*DATA SHOWN:*
═══

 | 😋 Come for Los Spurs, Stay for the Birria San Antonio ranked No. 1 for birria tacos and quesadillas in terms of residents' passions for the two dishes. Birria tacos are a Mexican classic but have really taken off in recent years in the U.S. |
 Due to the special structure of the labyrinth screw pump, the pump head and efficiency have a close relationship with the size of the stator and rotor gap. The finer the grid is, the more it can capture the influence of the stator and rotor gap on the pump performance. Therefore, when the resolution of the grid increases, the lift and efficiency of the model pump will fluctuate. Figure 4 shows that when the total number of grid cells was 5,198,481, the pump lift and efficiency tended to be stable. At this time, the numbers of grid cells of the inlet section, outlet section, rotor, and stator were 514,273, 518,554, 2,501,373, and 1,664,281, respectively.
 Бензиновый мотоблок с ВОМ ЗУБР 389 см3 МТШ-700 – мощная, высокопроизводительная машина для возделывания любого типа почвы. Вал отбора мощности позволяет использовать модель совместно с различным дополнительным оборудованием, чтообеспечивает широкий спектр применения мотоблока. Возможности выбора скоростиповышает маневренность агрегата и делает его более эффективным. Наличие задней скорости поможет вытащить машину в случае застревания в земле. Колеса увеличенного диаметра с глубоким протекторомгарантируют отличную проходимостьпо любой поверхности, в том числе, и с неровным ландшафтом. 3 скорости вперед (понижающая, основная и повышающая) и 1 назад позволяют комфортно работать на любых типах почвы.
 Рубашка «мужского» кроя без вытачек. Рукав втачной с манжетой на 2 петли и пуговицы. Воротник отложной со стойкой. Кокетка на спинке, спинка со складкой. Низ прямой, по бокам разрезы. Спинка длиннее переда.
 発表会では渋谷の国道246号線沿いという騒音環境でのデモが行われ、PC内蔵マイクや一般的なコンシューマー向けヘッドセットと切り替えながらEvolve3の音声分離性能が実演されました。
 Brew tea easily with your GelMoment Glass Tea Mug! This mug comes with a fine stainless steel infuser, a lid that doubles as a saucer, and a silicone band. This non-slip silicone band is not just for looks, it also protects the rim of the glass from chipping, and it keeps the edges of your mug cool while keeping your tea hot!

═══

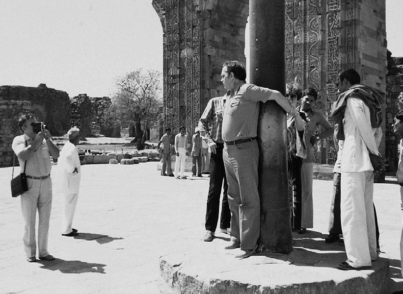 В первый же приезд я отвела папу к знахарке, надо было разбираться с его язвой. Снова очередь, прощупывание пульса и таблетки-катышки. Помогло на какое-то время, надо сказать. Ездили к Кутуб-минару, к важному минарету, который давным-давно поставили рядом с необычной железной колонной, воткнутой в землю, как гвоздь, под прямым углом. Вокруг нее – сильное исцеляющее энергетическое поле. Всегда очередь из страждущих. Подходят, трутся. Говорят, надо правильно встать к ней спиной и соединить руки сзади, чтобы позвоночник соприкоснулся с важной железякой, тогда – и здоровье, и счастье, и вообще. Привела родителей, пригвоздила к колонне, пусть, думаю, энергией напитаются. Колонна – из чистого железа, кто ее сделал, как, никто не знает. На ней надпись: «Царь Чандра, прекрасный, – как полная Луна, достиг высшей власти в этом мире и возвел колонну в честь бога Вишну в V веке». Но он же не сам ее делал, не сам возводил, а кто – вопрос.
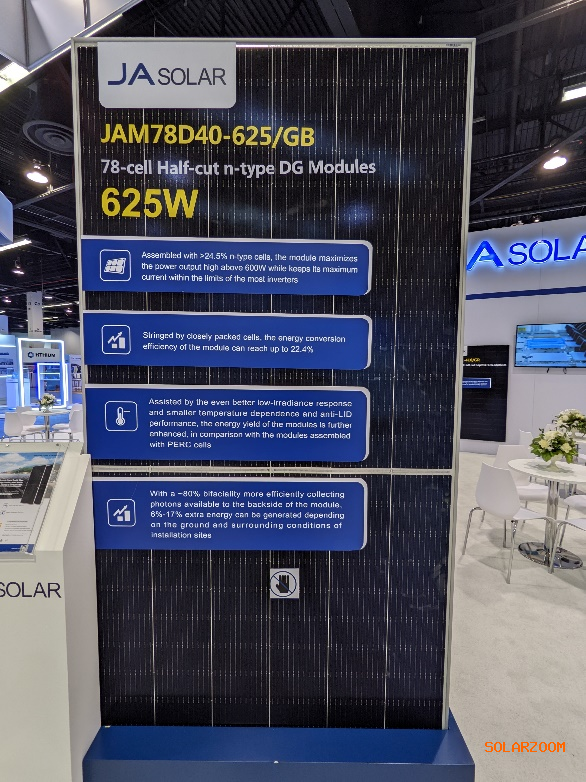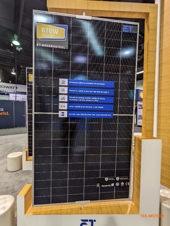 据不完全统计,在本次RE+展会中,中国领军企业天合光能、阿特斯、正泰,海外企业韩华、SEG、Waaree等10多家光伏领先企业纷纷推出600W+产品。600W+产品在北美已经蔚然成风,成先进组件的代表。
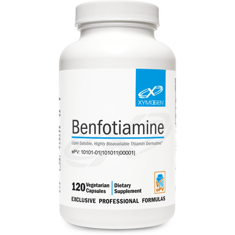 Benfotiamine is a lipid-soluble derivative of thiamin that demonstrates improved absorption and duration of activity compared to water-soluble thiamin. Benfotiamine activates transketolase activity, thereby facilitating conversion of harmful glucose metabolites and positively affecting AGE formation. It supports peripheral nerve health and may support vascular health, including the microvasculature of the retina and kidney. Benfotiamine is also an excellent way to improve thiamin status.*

═══

*EXERCISE REQUIREMENTS:* Among the entries above, locate the lines containing "in the U.S. |" and "Due to the special", and transcribe exactly those two lines and all lines between.

*ANSWER SECTION:*
 | 😋 Come for Los Spurs, Stay for the Birria San Antonio ranked No. 1 for birria tacos and quesadillas in terms of residents' passions for the two dishes. Birria tacos are a Mexican classic but have really taken off in recent years in the U.S. |
 Due to the special structure of the labyrinth screw pump, the pump head and efficiency have a close relationship with the size of the stator and rotor gap. The finer the grid is, the more it can capture the influence of the stator and rotor gap on the pump performance. Therefore, when the resolution of the grid increases, the lift and efficiency of the model pump will fluctuate. Figure 4 shows that when the total number of grid cells was 5,198,481, the pump lift and efficiency tended to be stable. At this time, the numbers of grid cells of the inlet section, outlet section, rotor, and stator were 514,273, 518,554, 2,501,373, and 1,664,281, respectively.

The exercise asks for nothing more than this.